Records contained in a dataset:
****************************************

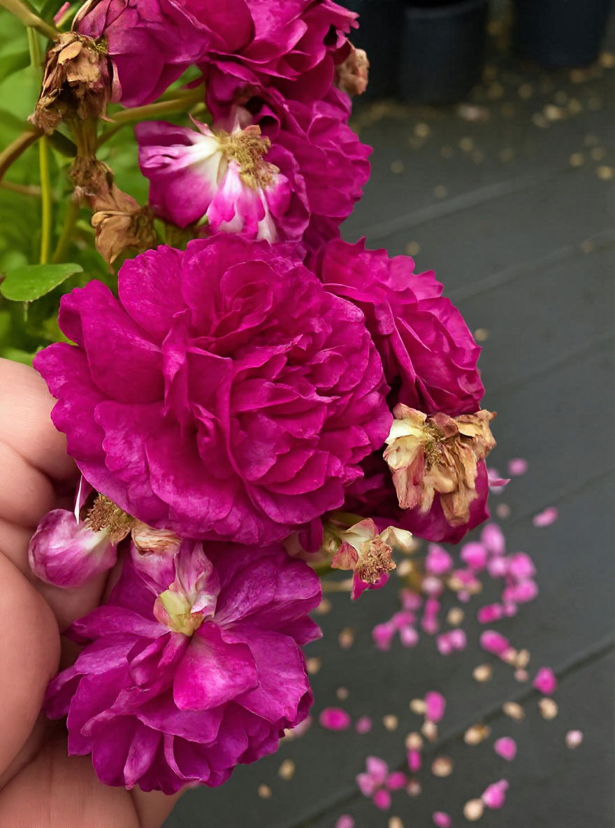 | Blüte: | Purpurviolett, halbgefüllt, öfter blühend, intensiv duftend, insektenfreundlich. |
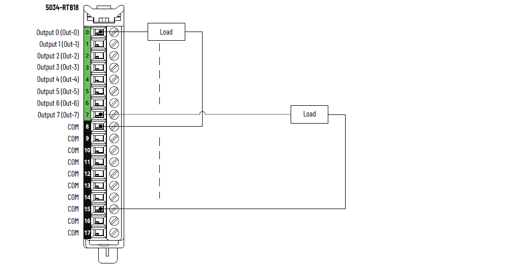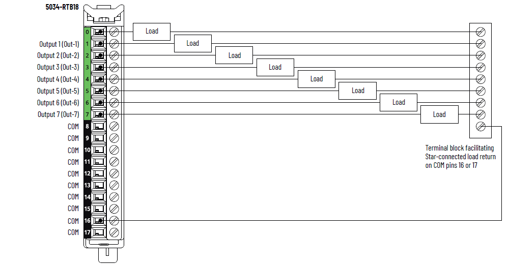 Schema di cablaggio di 5034-OB8 e 5034-OB8XT – Cablaggio di ritorno
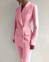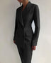 This blazer and trousers set has a double-breasted blazer with button closure and long sleeves.
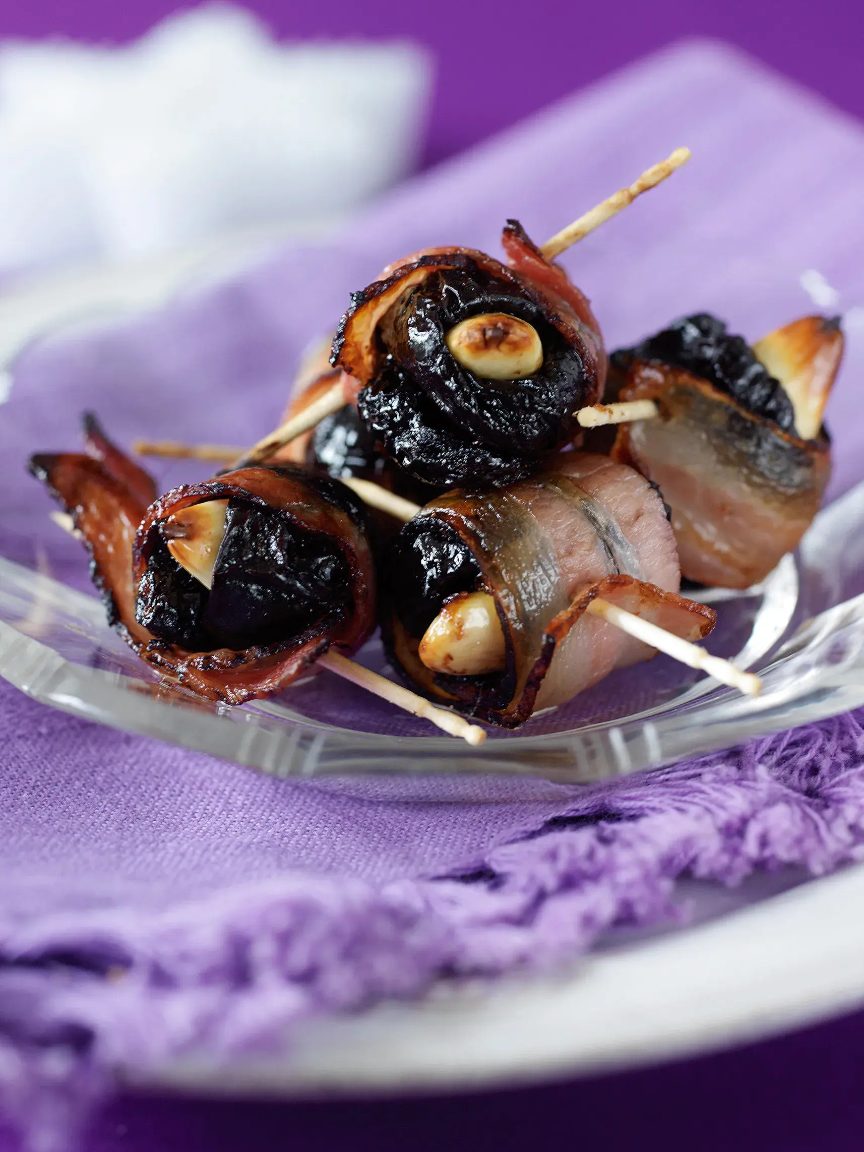 Švestky ve slanině plněné mandlí – nepříliš obvyklá kombinace ovoce a masa dává jednoduchému předkrmu dokonalý šmrnc. Ať se plněné švestky rozhodnete servírovat na Silvestra nebo jinou slavnostní příležitost, vrhněte se na jejich přípravu ideálně den předem. Aby se v portském víně stihly dostatečně rozležet.
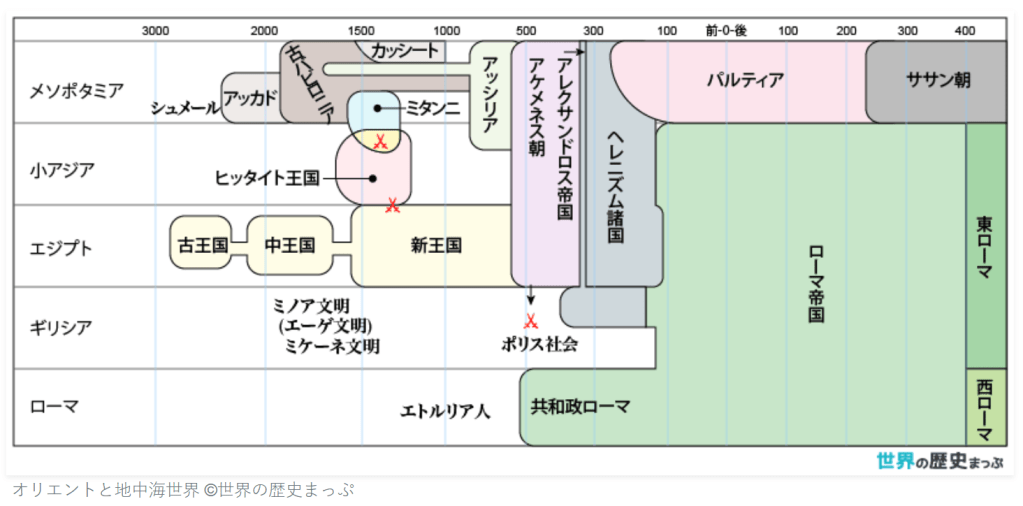 そうです、アケメネス朝ペルシア(ペルシア帝国)などのオリエント文明でしたね。
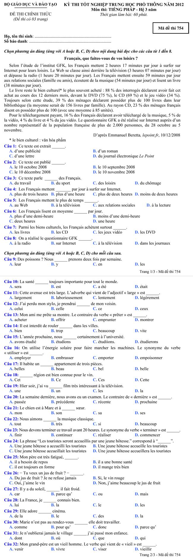 Đề thi tốt nghiệp THPT tiếng Pháp năm 2012 theo hình thức trắc nghiệm dành cho hệ Phổ thông 3 năm - Mã đề thi 754
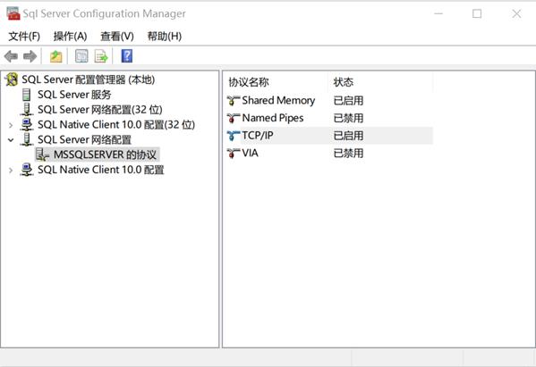 (2)如下图,找到SQL Server网络配置,MSSQLSERVER协议,右键点击 TCP/IP,开启
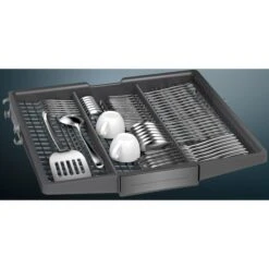 Der teilintegrierbare Geschirrspüler Siemens SN55TS00CE mit Zeolith-Trocknen nimmt bis zu 14 Maßgedecke auf. Zur Verfügung stehen acht verschiedene Spülprogramme sowie vier Zusatzfunktionen. Das Automatik-Programm steuert effizient den gesamten Spülprozess und dank VarioSpeed Plus wird eine bis zu dreimal so schnelle Programmlaufzeit erzielt. Die glassZone ermöglicht eine sichere und schonende Reinigung empfindlicher Gläser im Oberkorb. Die flexComfort Pro Körbe und die varioSchublade Pro bieten hohen Bedienkomfort, wirksamen Gläserschutz und ermöglichen schnelles Be- und Entladen. Das blaue emotionLight sorgt für eine ansprechende Beleuchtung des Innenraums. Das AquaStop-System schützt vor Wasserschäden. Mit einer Lautstärke von 44 Dezibel ist der SN55TS00CE zudem angenehm leise, noch leiser läuft er im Silence-Programm. Der SN55TS00CE kann jederzeit und von überall bequem per Home Connect App über Handy oder Tablet gesteuert werden.Art.-Nr.: 1774376
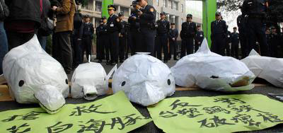 臺(tái)灣環(huán)保團(tuán)體9日帶著紙糊的白海豚,在臺(tái)當(dāng)局“行政院”大門外抗議陳情,呼吁擬定白海豚保護(hù)計(jì)劃及行動(dòng)綱領(lǐng)。臺(tái)灣“中央社”記者王飛華攝
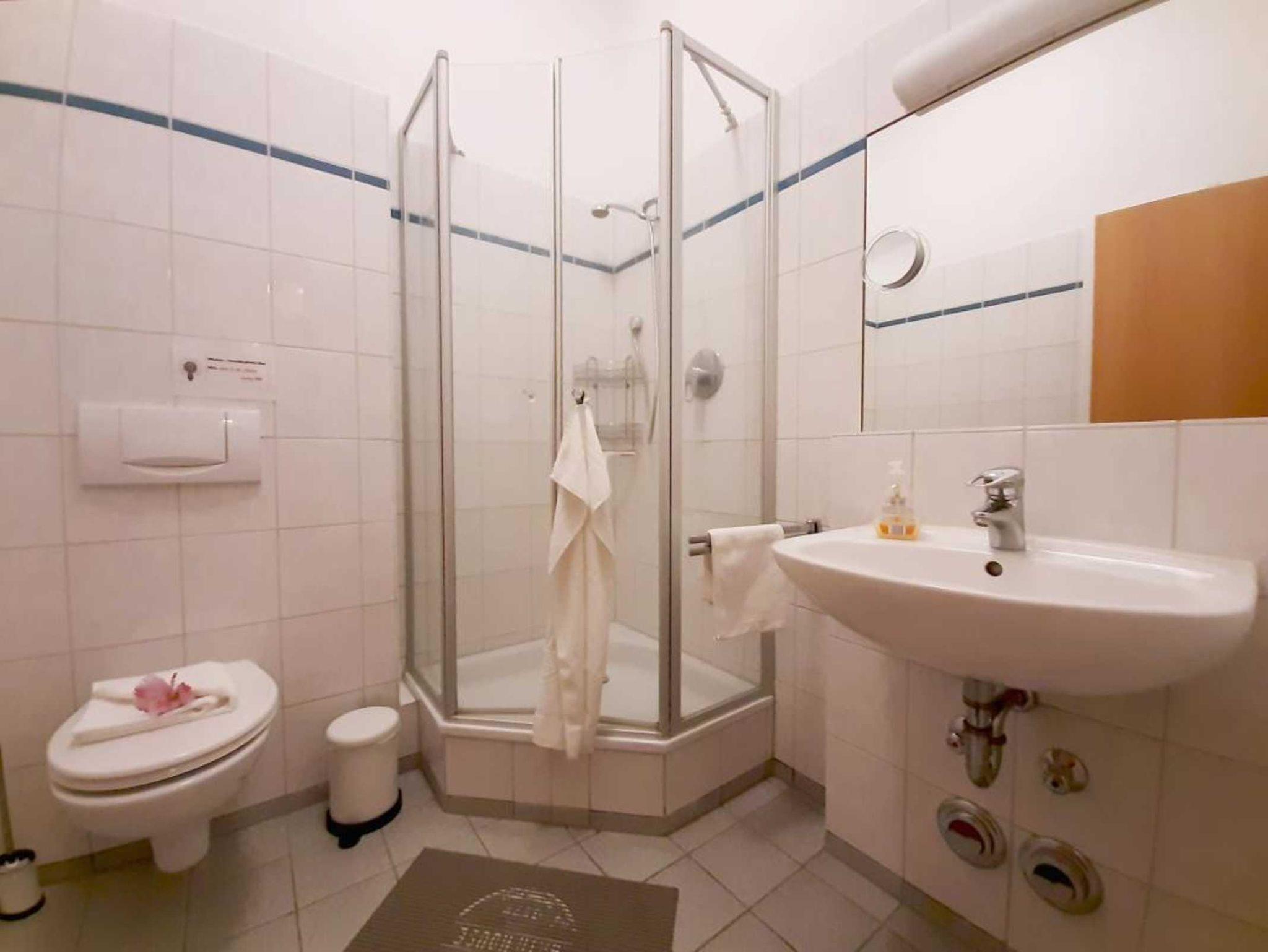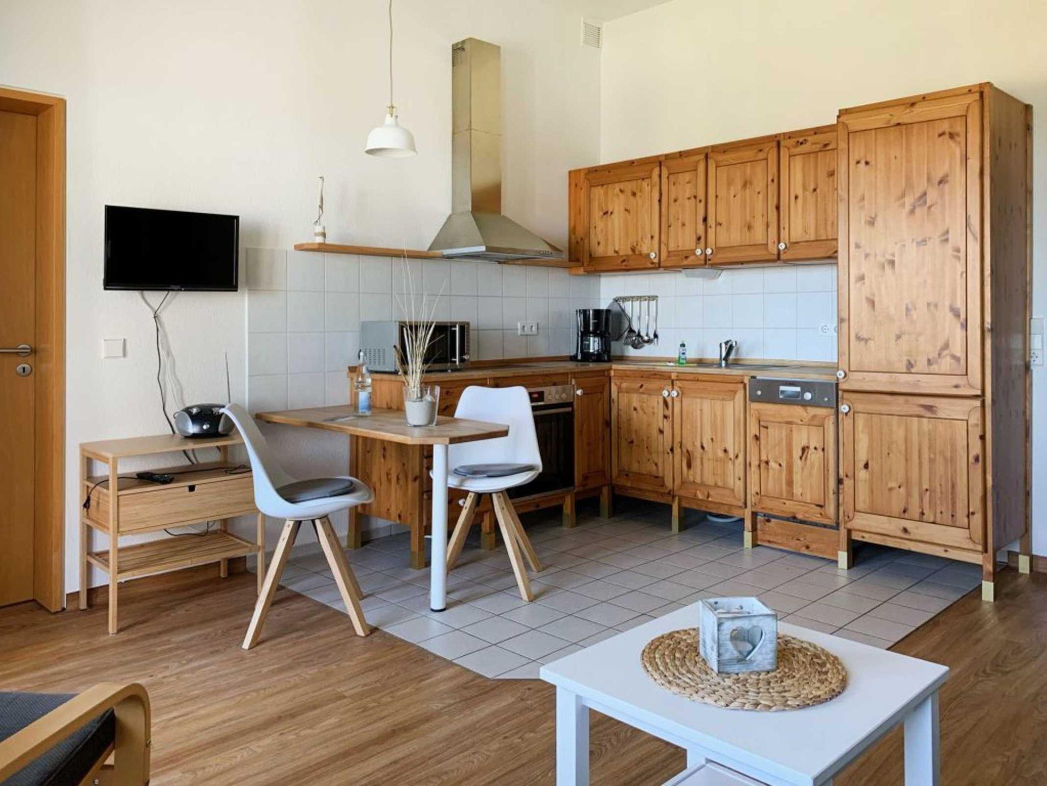 Es empfängt Sie ein komfortables 2-Zimmer Hochparterre Appartement mit einem separaten Schlafzimmer. Mit einer großzügigen Wohnfläche von 56qm bietet die Wohnung genügend Platz für bis zu 3 Personen. Im behaglichen Wohn-Essbereich mit Schlafsofa, Fernseher, Musikanlage, WLAN, ist die Wohnküche integriert und mit Ceranherd, Geschirrspüler, Mikrowelle, Backofen, Kühlschrank mit integr. Gefrierfach, Toaster, Wasserkocher und Kaffeemaschine ausgestattet. Somit ist eine bequeme Selbstversorgung auch während des Urlaubs möglich. Ein kleiner Esstisch lädt zu gemeinsamen Mahlzeiten ein. Erholung finden Sie auf dem saisonal möblierten Balkon in nord-ost Ausrichtung. Das Wohlfühlschlafzimmer ist mit Doppelbett, Kleiderschrank, Kommode eingerichtet. Ein hell gefliestes Duschbad mit Waschtisch, Fön, WC ist zugehörig. Ein Bügeleisen steht zur Verfügung. Bitte beachten Sie, dass Haustiere und Rauchen nicht gestattet sind.
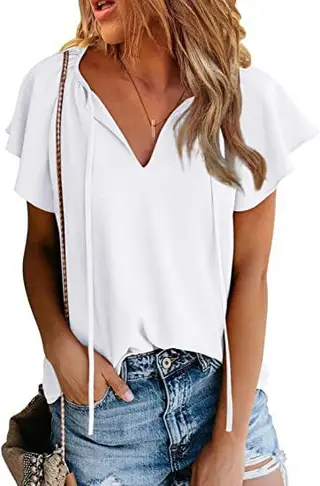Product information: Fabric name: Chiffon Main fabric composition: polyester fiber (polyester) The content of the main fabric ingredient: 30%-50% Collar type: V-neck Sleeve type: trumpet sleeve sleeve length: short sleeve Popular elements: lace, wood ear edge Size Information: Size: S/M/L/XL/XXL Size Lenght Bust S 65 96 M 66 102 L 67 106 XL 68 114 2XL 69 122 Note: 1. Asian sizes are 1 to 2 sizes smaller than European and American people. Choose the larger size if your size between two sizes. differences due to . 2. Please check the size chart carefully before you buy the item, if you don't know how to choose size, please contact our customer service. 3.As you know, the different computers display colors differently, the color of the actual item may vary slightly from the following images. Packing list: coat x1
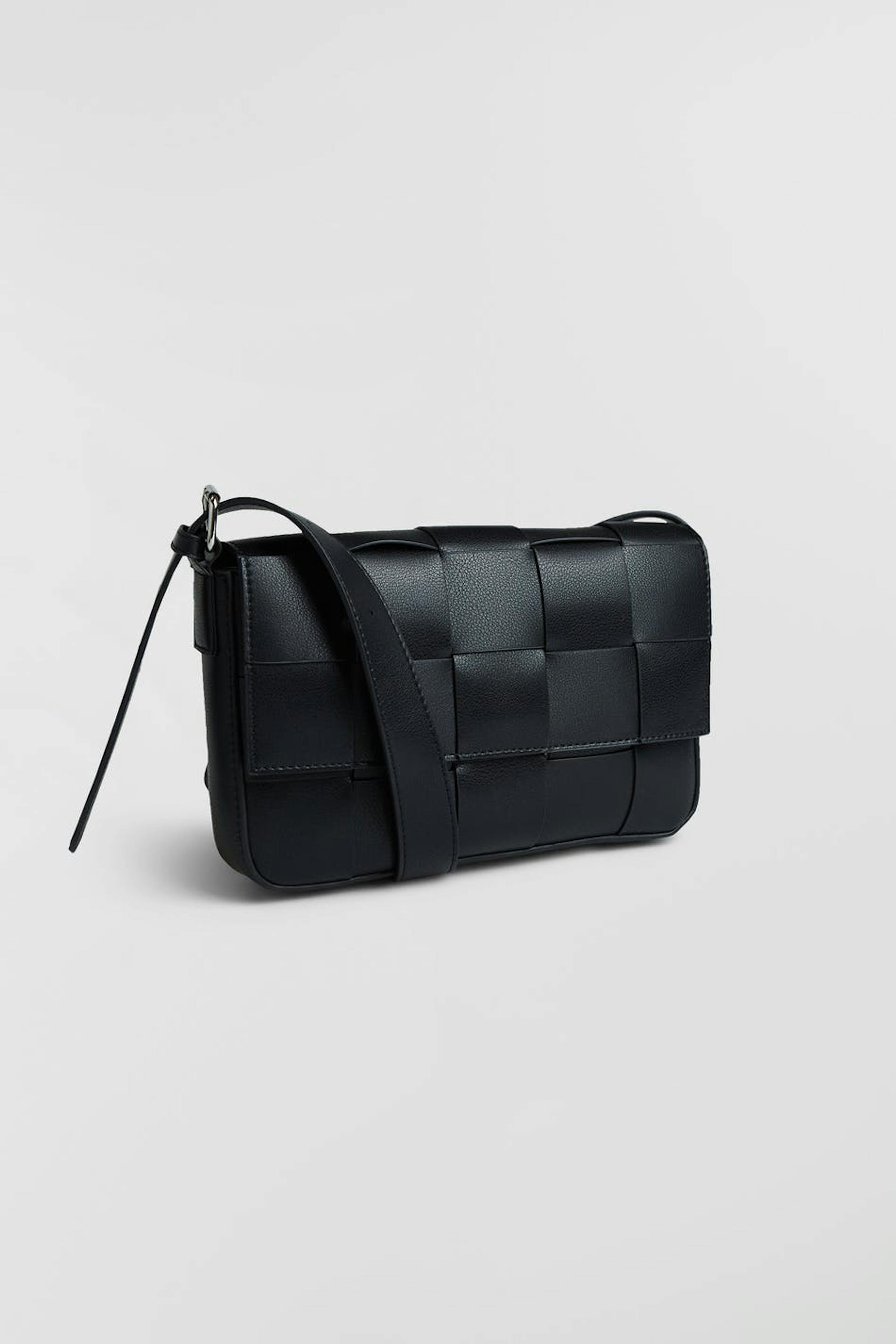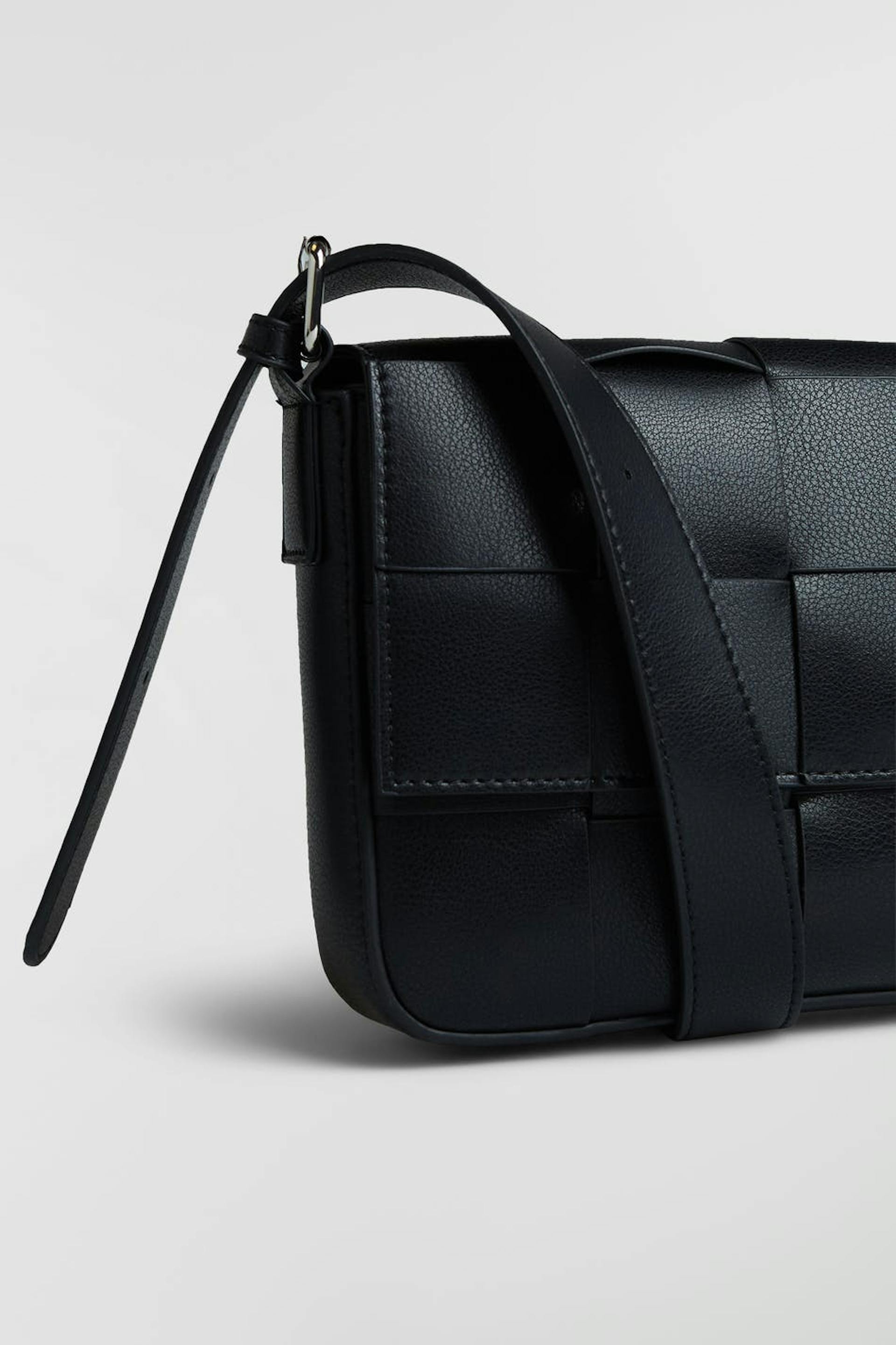 Flätad väska med en justerbar axelrem. Väskan är svart. Den är gjord av PU.
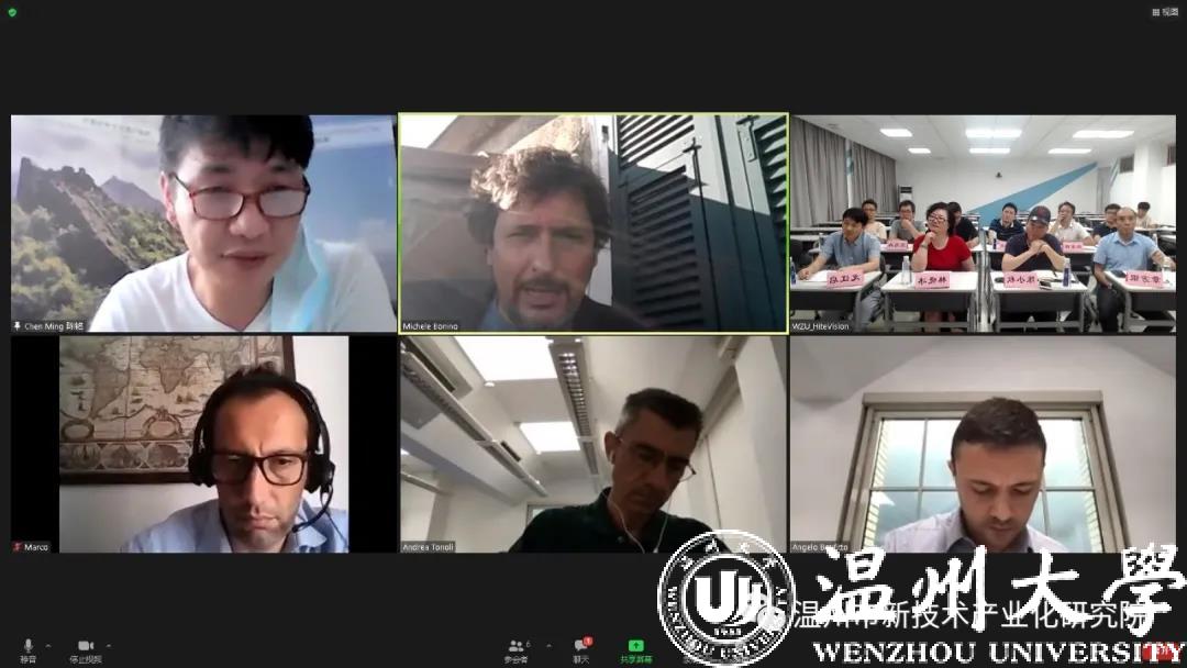 7月20日,由我校机电工程学院牵头,温州市政府有关部门、瓯海区、瑞安市汽摩配协会以及有关汽摩配生产企业参与的LY体育·(国际)官方网站与意大利都灵理工大学汽车专家视频对接会在机电工程学院如期举行。LY体育·(国际)官方网站机电工程学院车辆工程系龙江启教授、向家伟教授、李强博士、张德舟博士、邵梁博士、潘敏辉实验师以及都灵理工大学执行副校长Michele Bonino (博明凯)教授、机电自动化研究中心主任Andrea Tonoli教授、汽车工程Angelo Bonfitto教授、都灵理工大学国际处Marco Begani 参加视频对接,对接会由中意青年会会长陈铭主持并兼翻译。温州科技局外专局林晓冰局长、瓯海区汽摩配协会党委书记陈小秋、秘书长章方银、以及温州东启汽车零部件公司董事长陈集、瑞安市汽摩配协会有关人员参加了视频会。

****************************************

Task to carry out — Leave every picture out and return exactly the lines from the one holding "Flätad väska med" through the end of the records above, both ends included, and nothing more.

Expected answer —
 Flätad väska med en justerbar axelrem. Väskan är svart. Den är gjord av PU.
 7月20日,由我校机电工程学院牵头,温州市政府有关部门、瓯海区、瑞安市汽摩配协会以及有关汽摩配生产企业参与的LY体育·(国际)官方网站与意大利都灵理工大学汽车专家视频对接会在机电工程学院如期举行。LY体育·(国际)官方网站机电工程学院车辆工程系龙江启教授、向家伟教授、李强博士、张德舟博士、邵梁博士、潘敏辉实验师以及都灵理工大学执行副校长Michele Bonino (博明凯)教授、机电自动化研究中心主任Andrea Tonoli教授、汽车工程Angelo Bonfitto教授、都灵理工大学国际处Marco Begani 参加视频对接,对接会由中意青年会会长陈铭主持并兼翻译。温州科技局外专局林晓冰局长、瓯海区汽摩配协会党委书记陈小秋、秘书长章方银、以及温州东启汽车零部件公司董事长陈集、瑞安市汽摩配协会有关人员参加了视频会。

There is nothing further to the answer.